In this issue of The Connors Research Trading Journal (Volume 2), we’ll delve into the insights of Peter Muller, who built PDT (Process Driven Trading), one of the greatest proprietary trading firms in the world for Morgan Stanley. Peter and his team then moved from Morgan Stanley to their own $5+ billion quant hedge fund. Reportedly, Peter and his team have achieved returns (after fees) of over 20% annually since the early 1990’s. Even though he is highly secretive in discussing their trading (Peter and his team have written little and said even less on how they trade), this article, published in Quantitative Finance, is one of the few pieces out there, and it has a number of gems in it. These gems can give you a better insight into how to build portfolios with greater returns and with lower risk.
You can read this rare article by clicking here. After reading the article please read the analysis below (for a full understanding of the Sharpe Ratio, click here).
Highlights of Peter Muller’s Insights:
1. What are Good Sharpe Ratios? – Portfolios with Sharpe Ratios above 1.0 are considered very good (see Figure 2 in Muller’s article).

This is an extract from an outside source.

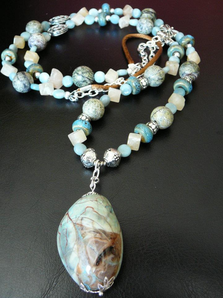 One of my daughter’s favourites – pale green chrysacolla pendant with ceramic beads, yellow aventurine, amazonite, jasper and silver.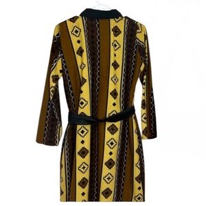 A fun indigenous fusion of Western meets Aztec meets Peruvian style in this Brown, Black, and Mustard cotton cardigan. There is no brand name inside and believe it is made by an artisan based on the inside details, there is room for someone to make it an inch bigger if you have a tailor. Bought online and only tried on, ready to be shipped.

Sharpe ratios above 2.0 are exceptional. If you’re trading live money over a sustained period of time (meaning years) with a Sharpe Ratio above 1.0, you likely have something that’s very solid.
2. Higher Portfolio Turnover Can Increase The Sharpe Ratio – Higher frequency trading can lead to higher Sharpe Ratios (for example, High Frequency Trading firms usually have very high Sharpe ratios – they also have their own unique set of problems).
I view this in two ways:
a) Increasing the frequency of high quality of trades can lead you to a higher Sharpe Ratio. Muller goes as far as to suggest this and we’ll examine this together in number 4 below.
b) If you have a “low frequency portfolio” (one that doesn’t turnover too often) that has a high Sharpe Ratio (above 1.0) you likely have something special.
3. Strategy Correlations Matter – Closely monitor the correlations of your strategies. In his opinion, multi-strategy portfolios often have strategies that are more correlated than the trader believes. If in fact your strategies are not highly correlated you again potentially have something special. Ray Dalio (whose best-selling book Principles is must reading) has stated on numerous occasions that having a number of uncorrelated strategies together in one portfolio is one of the greatest ways to build a superior portfolio.
4. It’s Better to Go Deeper than Broader – I found this one particularly interesting. In Muller’s opinion, if one had to choose between adding more strategies, or adding more trades to an already strong strategy, he feels the latter is better. Again his concern is that the additional strategies may be too correlated to the existing strategy and it’s likely easier to find more high quality trading opportunities with the existing strategy than to find a new high performing uncorrelated strategy.
In our own observations, we have seen improved Sharpe Ratios when we tested combining low-correlated strategies (as Dalio suggests). Until reading Peter Muller’s interview though, we’ve never considered looking for ways to add additional high-quality trades to strategies with high Sharpe Ratio’s. We’re looking forward to pursuing this further, especially because the idea came from Muller and it’s potentially highly scalable.
Obviously when an individual who oversees one of the greatest proprietary trading firms in history provides insights, it’s worth a lot. The Sharpe Ratio is not the only metric available to measure the quality of a portfolio but it remains one of the most important.
– Things to avoid include correlated strategies.
– Things to pursue include finding more high-quality trades with existing high SharpeRatio Strategies.
– Measure your strategy correlations, especially during the periods of market stress; for example, 2008, August 2011, the fourth quarter of 2015, and February 2018. Did your strategies’ correlations rise during those periods? If they did not, that’s a good sign.
– I’ll add another piece of analysis you can look at to see how your portfolio did during times of stress. Look at the down months in SPXTR (the S&P 500 Total Return Index). Did your portfolio also lose money those months (and were the downside moves especially large)? If it did, you may want to include an additional uncorrelated strategy which tends to smooth returns during times of stress.
– The other area to pursue according to Peter Muller is to take a high Sharpe Ratio strategy and see if you can increase it’s trading frequency with additional high-quality trades. This may increase your Sharpe Ratio, and it may also increase your overall returns.
I hope you enjoyed this issue of the Connors Research Trading Journal. Enjoy your trading!